Tutorial: Generative Models¶

In which you will:

identify the quantities comprising the measured data and the parameters of the model;
organize the data and parameters in terms of their conditional dependences into a probabilistic graphical model;
express the dependences as specific probabilistic or deterministic relationships among variables;
implement a model in code, and generate mock data.

Preliminaries¶

This exercise is mostly to practice going from a real-world(ish) problem described in words to an actionable model.

To be explicit, by model, we mean

a list of quantities comprising your data and parameters from which predicted data can be produced;
a PGM representing the conditional dependences of the parameters and data;
a list of expressions containing the same information as the PGM, with the added specification of what probability distributions are involved.

"Expressions" in this context are of the form you saw in the reading, and need not be fully spelled-out equations, for example:

$a \Leftarrow b,c$
$x \sim \mathrm{Normal}(\mu, \sigma)$
$\mu \sim \mathrm{some~prior}$

translates to

$a$ is a deterministic function of $b$ and $c$
$x$ is normally distributed with mean $\mu$ and standard deviation $\sigma$
$\mu$ is distributed according to some prior that I would need to specify in practice, but don't necessarily have to bother with for this exercise. Here "prior" implies no dependence on other listed parameters.

Every parameter and datum in the model must have such a rule for how it depends on other quantities (or priors). The result is a recipe for generating mock data, and also contains all the information needed to do inference given real data that we've collected.

There is no set rule saying that it's better to draw the PGM first and write the expressions second, or vice versa; different people find each approach more or less natural.

To turn in a PGM, you could for e.g.

draw on paper and include a photo in the notebook
do the digital equivalent with a tablet and stylus
use some other simple drawing tool and include that graphic in the notebook
use the daft package to produce a PGM graphic directly in Python

Personally, I find the current version of daft extremely ugly and have taken to using Google Drawings or old-fashioned scribbling, but whatever works.

Finally, note that some of the situations described below are intentionally ambiguous. Expect to have to make some assumptions in order to fully specify the model, and note what they are.

In [ ]:

TutorialName = 'genmod'
exec(open('tbc.py').read()) # define TBC and TBC_above
import numpy as np
import scipy.stats as st
import matplotlib
matplotlib.use('TkAgg')
import matplotlib.pyplot as plt
%matplotlib inline

1. Relaxed cluster fraction¶

X-ray imaging data for 361 galaxy clusters were analyzed, and 57 of them were found to be morphologically "relaxed" according to some metric. We want to constrain the fraction of relaxed clusters in the Universe (the probability that a randomly chosen cluster is relaxed), $f$, assuming that the data set is representative.

1a. Model specification¶

Enumerate the model parameters, draw a PGM and write down the corresponding probability expressions for this problem. Be explicit about the form of the sampling distribution (see Essential Probability), and arbitrarily choose some prior distribution for $f$ for the second part, below. You can assume that the total number of clusters, 361, is given by fiat and doesn't need to be generated by the model. You can also assume that the decision "relaxed or not" for a given cluster comes from an algorithm that's given to you, without your having to spell out how it might work or specifically what data might be fed into it.

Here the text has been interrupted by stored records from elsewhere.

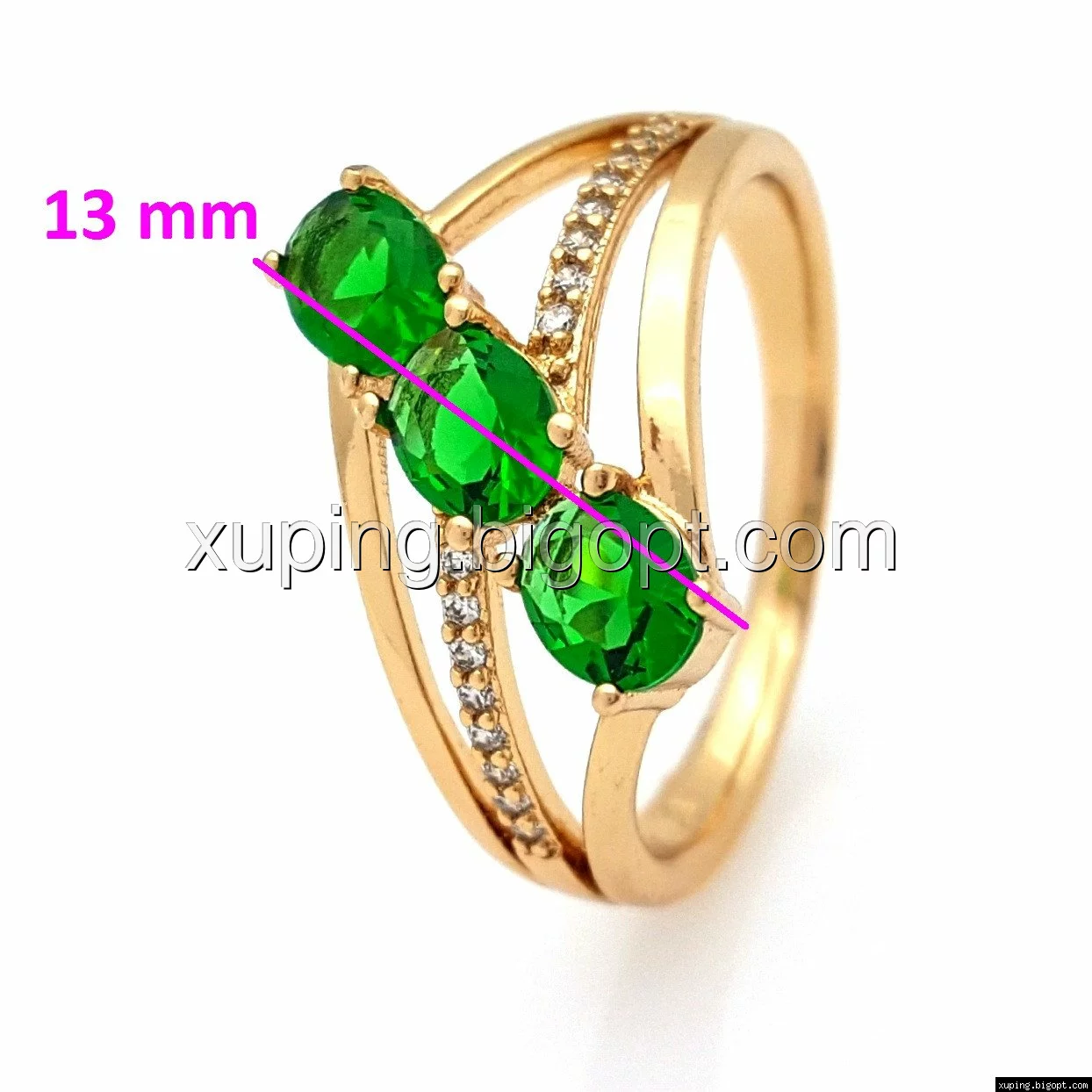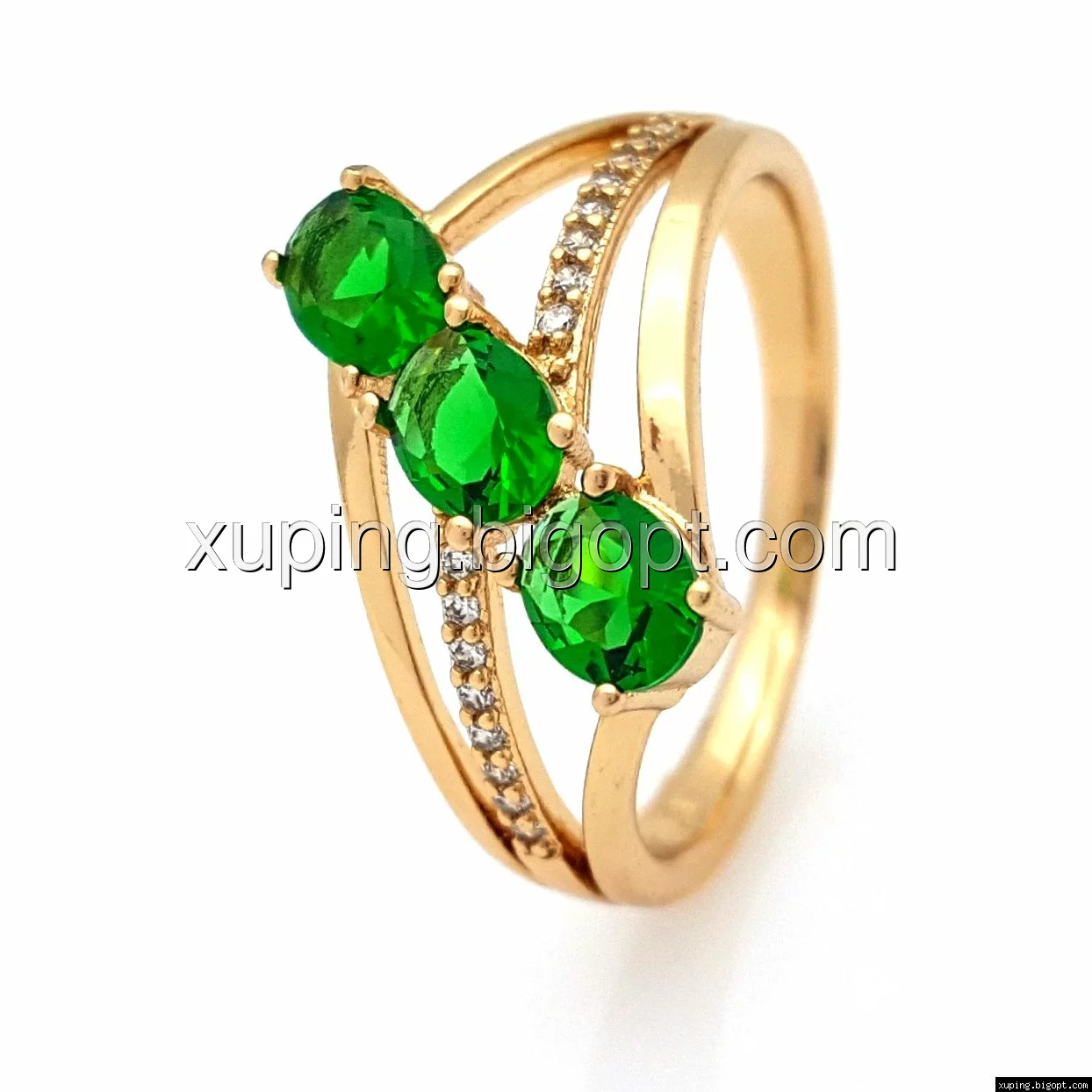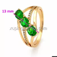 Кольцо Три Зеленых циркония, р.17, р.18, р.18,5, р.19,5, позолота Xuping
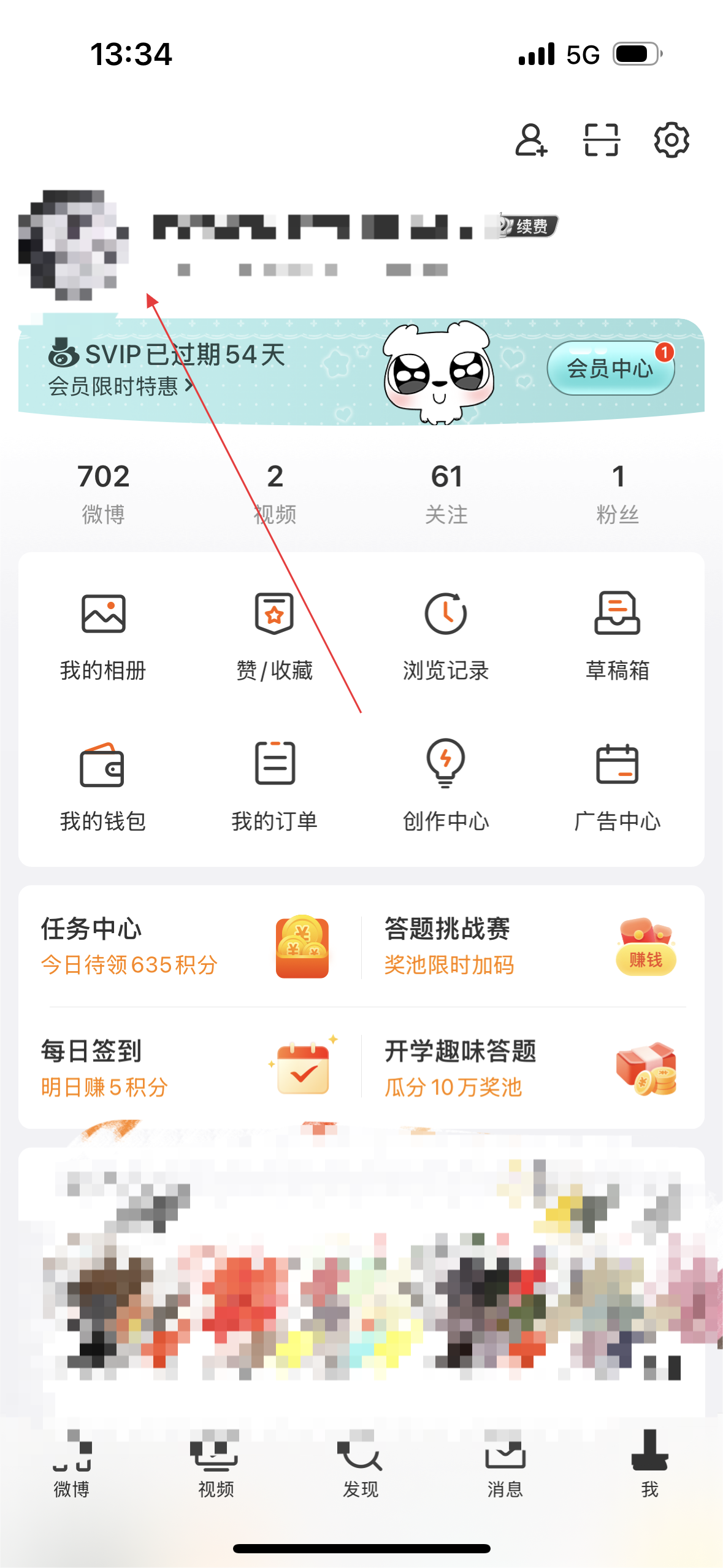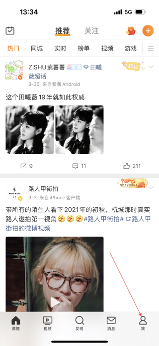 1、在微博首页,点击右下角我,进入个人页面。
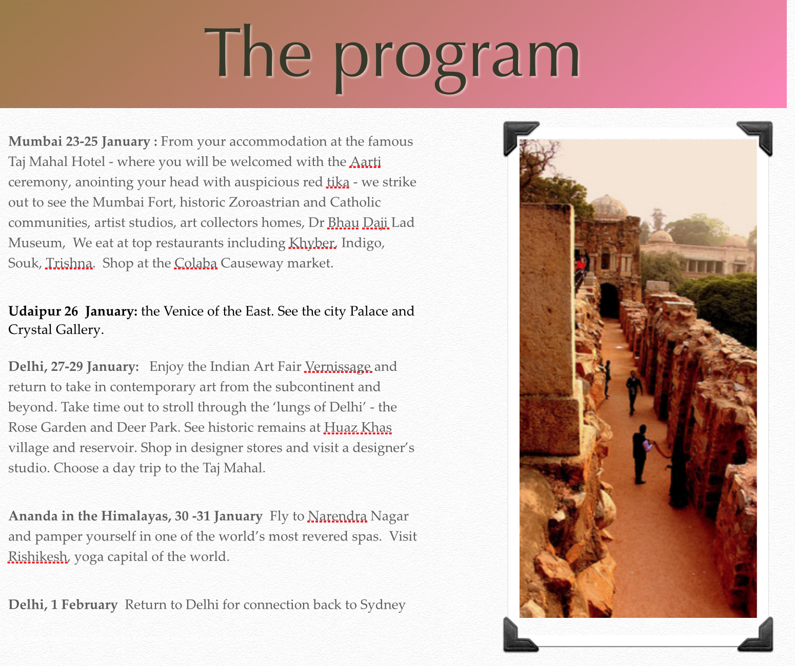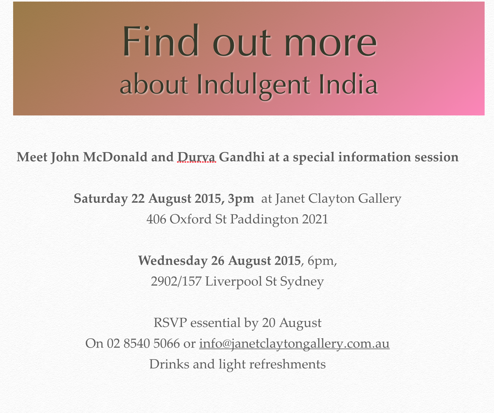 Travel to Indulgent India with John McDonald and Durva Ghandi: 23 January - 1 February 2016 Janet Clayton6 August 2015Comment Facebook0 Twitter Pinterest0 0 Likes
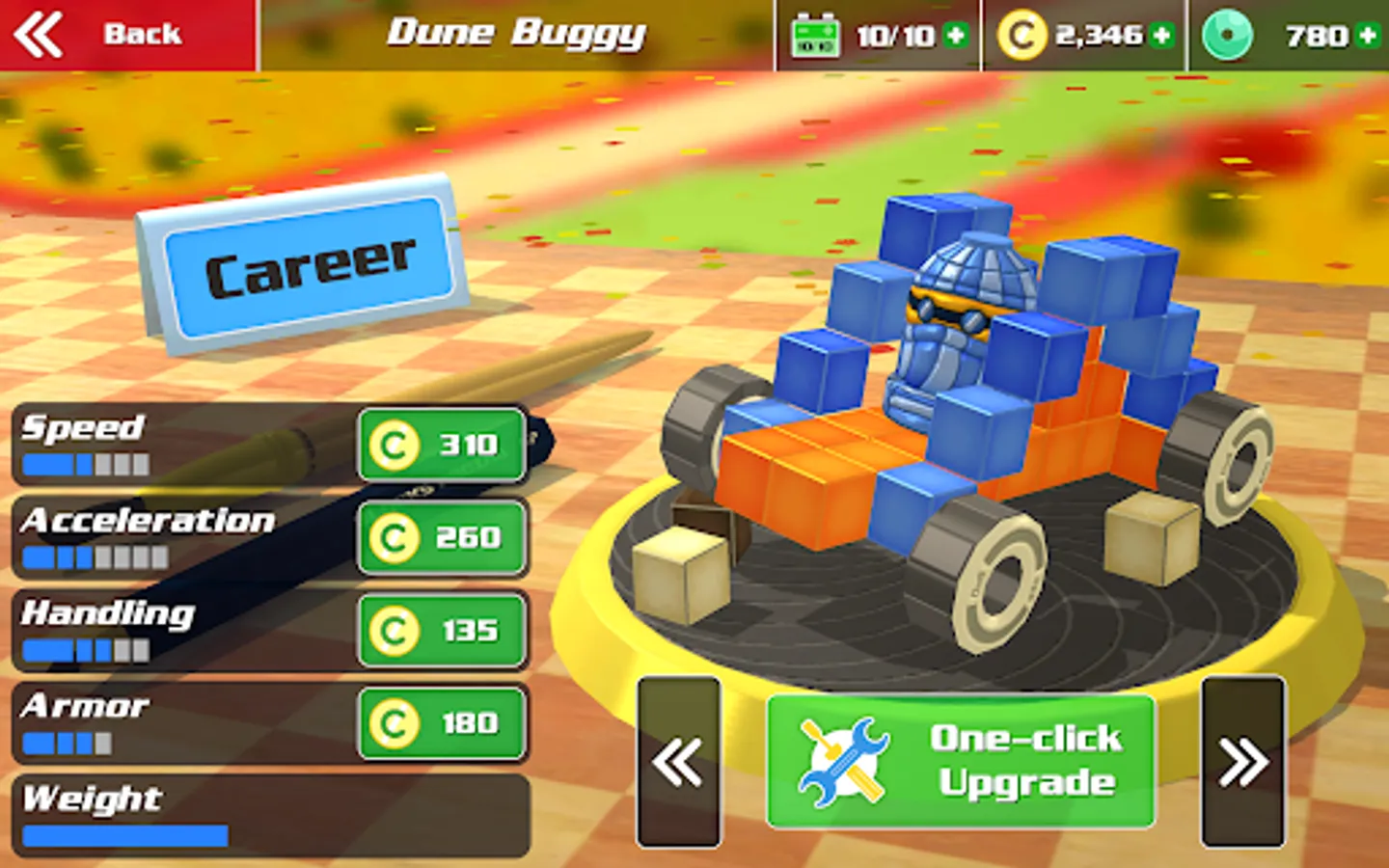 Upgrade race car stats to increase performance and voxel destruction prototype survivability to win pixel games.

Remember that, even though a real measurement was given above, the generative model may not depend on the measured values; it's a conceptualization of how those values did or could come to exist.

Note: you will want to change the mode of the cell below, and in subsequent non-coding responses, to Markdown to use LaTeX mode and/or insert images.

In [ ]:

TBC()

1b. Generate data¶

Go through the process of generating mock data from the model. Produce a visualization that compares the an ensemble of mock data sets (say 1000) for

(1) model parameters fixed at some fiducial value(s)

In [ ]:

TBC()

(2) model parameters varying according to the PGM/expressions you write down above

In [ ]:

TBC()

2. Linear regression¶

Your data is a list of $\{x_k,y_k,\sigma_k\}$ triplets, where $\sigma_k$ is some estimate of the "error" on $y_k$. You think a linear model, $y(x)=a+bx$, might explain these data.

In the absence of any better information, assume that $\vec{x}$ and $\vec{\sigma}$ are (somehow) known precisely, and that the "error" on $y_k$ is Gaussian (mean of $a+bx_k$ and standard deviation $\sigma_k$). This is the very commoon set of assumptions underlying the method of weighted least squares, which you've likely seen before.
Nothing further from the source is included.